An Interview with Jason Speck

Portrait of Jason Speck, Assistant University Archivist/Special Collections Librarian, University Libraries.

Jason Speck (UMD MLS ’09) is the new Head of Collection Management for Special Collections at Hornbake Library, and the Representative of the Maryland Caucus of the Mid-Atlantic Regional Archives Conference (MARAC).  In preparation for next week’s MARAC meeting in Annapolis, SAM Webmaster Eric Hung asked Jason about his experiences at an Archivist and about MARAC.

What led you to become an Archivist?  Was there an “a-ha” moment for you?
I entered library school in 2006 after 12 years doing office management jobs in the private sector.  I wanted to help people find information, which I did a lot, but I’ve also loved history, books, etc.  A half-hour into my first Intro to Archives class I knew I’d discovered what I really wanted to do professionally.

What does the Head of Collection Management for Special Collections do on an everyday basis?
My job is new and is still being refined to a degree.  But any manager’s job is to help their staff be as successful as possible, via support for ideas, obtaining resources, resolving problems, offering perspective.  Collection management can be anything in the cycle of records coming to the archives, from the initial donor contact to appraisal, ingest, and description, to access and long-term preservation issues.  It also includes supervising curators, setting priorities, creating policies. etc.  No two days are ever the same, which I enjoy.

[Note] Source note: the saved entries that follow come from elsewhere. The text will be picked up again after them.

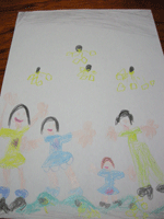いつもは、人だけ描いて、背景や、風景がありませんでした。かぁさん、感動したよ。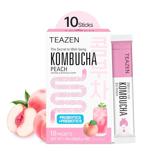 TEAZEN - Kombucha Pêche – Thé probiotique fermenté instantané – 10 sachets – Sans sucre, Végan, Faible en calories – Boisson fruitée Coréenne en poudre avec prébiotiques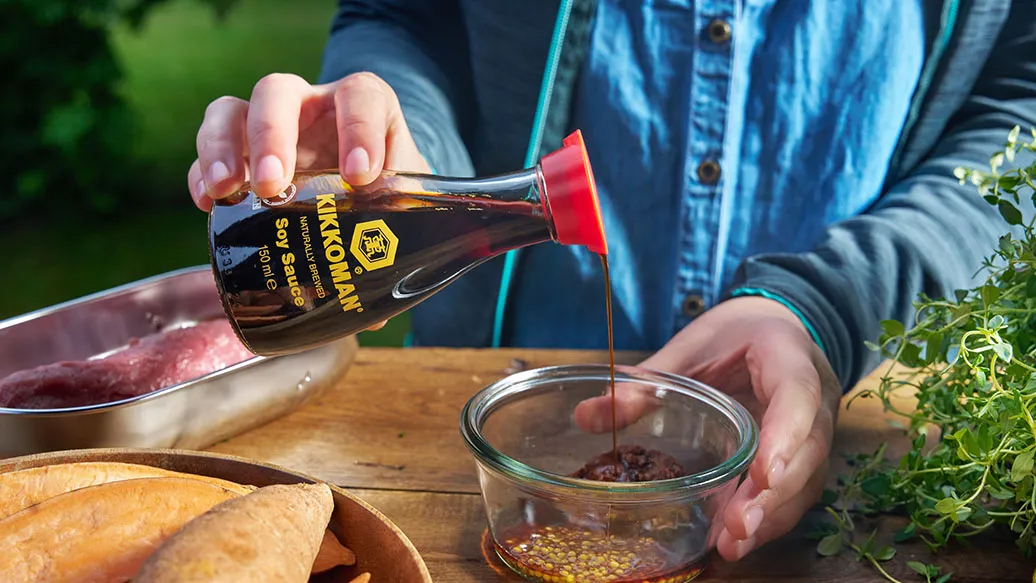 Saftiges Schweinsfilet, mariniert mit Senf, Misopaste und Kikkoman Sojasauce, serviert mit gerösteten Süsskartoffeln und Thymian.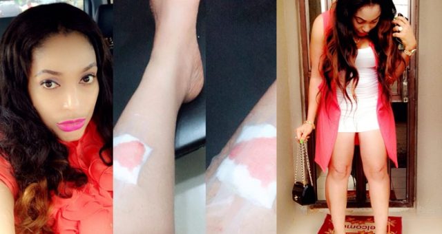 She, who’s the estranged wife of producer Tchidi Chikere and skin care expert, was through with church service on Sunday and was heading home in her high heel pumps when she suddenly plunged into a gutter as she was about to enter her car.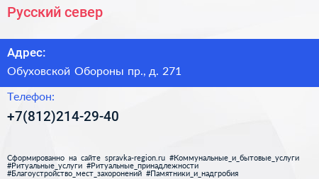 Русский север по адресу Обуховской Обороны пр., д. 271 в дальнейшем Организация, размещена в следующих категориях: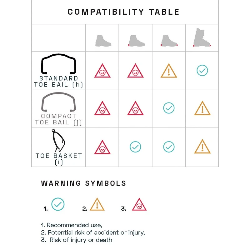Sold with semi-automatic “Toe basket”, automatic “Standard toe bail” and storing bag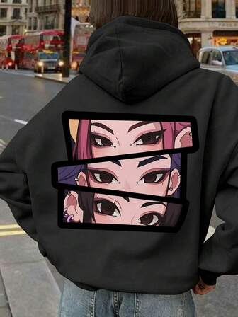 SHEIN Happikins Sweat-shirt à capuche ample en polaire à imprimé floral et lettres, style vintage universitaire, décontracté et confortable pour les trajets quotidiens. Convient pour l'automne/hiver. Sweatshirts mignons pour filles avec imprimé floral

Looking back, what were the most helpful courses in your MLIS degree?  Can you tell a story about a particularly meaningful moment in your MLIS education?  Was there something that you wish you had learned (but didn’t) while you were in the MLIS program?
All of the archival courses were helpful, and I made a point of taking all of them instead of some of the electives I would have personally enjoyed, like the history of the book.  It’s important to get a good theoretical underpinning for what you eventually practice, so you know WHY you’re doing WHAT you’re doing.  As for what I didn’t learn, cataloging and more digital skills.  The former is something that as an academic archivist I encounter in the libraries, and the latter you always feel like you need to know better, or at least I do.

Why did you initially get involved in MARAC?  What do you particularly like about the organization?
MARAC was highly spoken of by the archivists at Maryland where I work, and many of them were actively involved in the organization and explained why it was beneficial.  They also stressed that it would be good for my long-term professional development, which it certainly has been.  I like that the organization is robust but a manageable size.  Conferences are within the region, and they offer all of the same experiences that you get at SAA, but for a fraction of the price, and with the ability to really get to know people quickly.

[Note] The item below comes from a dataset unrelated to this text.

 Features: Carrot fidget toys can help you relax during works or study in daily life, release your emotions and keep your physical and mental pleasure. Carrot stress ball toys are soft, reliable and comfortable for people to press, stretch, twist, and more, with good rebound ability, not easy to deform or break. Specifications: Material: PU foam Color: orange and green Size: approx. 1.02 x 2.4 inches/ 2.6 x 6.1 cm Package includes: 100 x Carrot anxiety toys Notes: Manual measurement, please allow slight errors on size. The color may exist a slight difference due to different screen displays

What goes on in a MARAC conference?
A MARAC conference has timely sessions of interest to the field, meetings with archivists in your state, workshops for continuing education, tours of local repositories, a business meeting open to the entire membership and time for purely social interaction.  You can craft each conference to be exactly what you want it to be, and participate to your comfort level.  It has also been a great place for students to get experience with poster sessions, panel discussions, and other professional opportunities.

For students attending MARAC for the first time, what should they expect?  Any tips on how to network at this conference?
Expect it to be lively and friendly.  There are tons of people there to help offer assistance.  I’m on MARAC’s membership committee, and we offer an orientation session for newcomers at each conference.  I’m also the Maryland Caucus Rep, and I want everyone in my state to feel welcome and comfortable, so if you need me I’ll be all over the place!  Beyond that, you can reach out to speakers who you enjoyed, or perhaps someone whose paper you’ve read (nothing makes an archivist more excited than knowing someone bathed in their genius).  Networking is about putting yourself out there, and just saying hi–the rest is easy (or easier).

Beyond the conference, what are the perks of a MARAC membership?
Being a part of an organization like MARAC helps you stay connected to people within the profession, and keeps you abreast of issues that are important to the profession.  It aids in your professional development, providing service and scholarship opportunities as well as professional training.  It offers scholarships to attend conferences.  Membership also gives you a vote and a voice when we take up organizational matters.

What does MARAC’s Maryland Caucus do?
The Maryland Caucus meets at each MARAC.  The caucus rep also tries to organize social events, repository tours, and other events where MD caucus members can network.  Lastly the MD Caucus Rep represents MD on MARAC’s Steering Committee, and keeps the group informed on any pertinent issues.  I also disseminate information to the caucus at the request of members, such as events, exhibits, publications, etc.  It’s another way of staying informed on topics of potential interest.

Is there something else you would like to tell student archivists at U. of Maryland?
As a former UMD SAM member I can remember the ups and downs of grad school, getting my career started, etc.  I am always happy to offer support an advice where I can to a fellow Terp, so don’t be shy.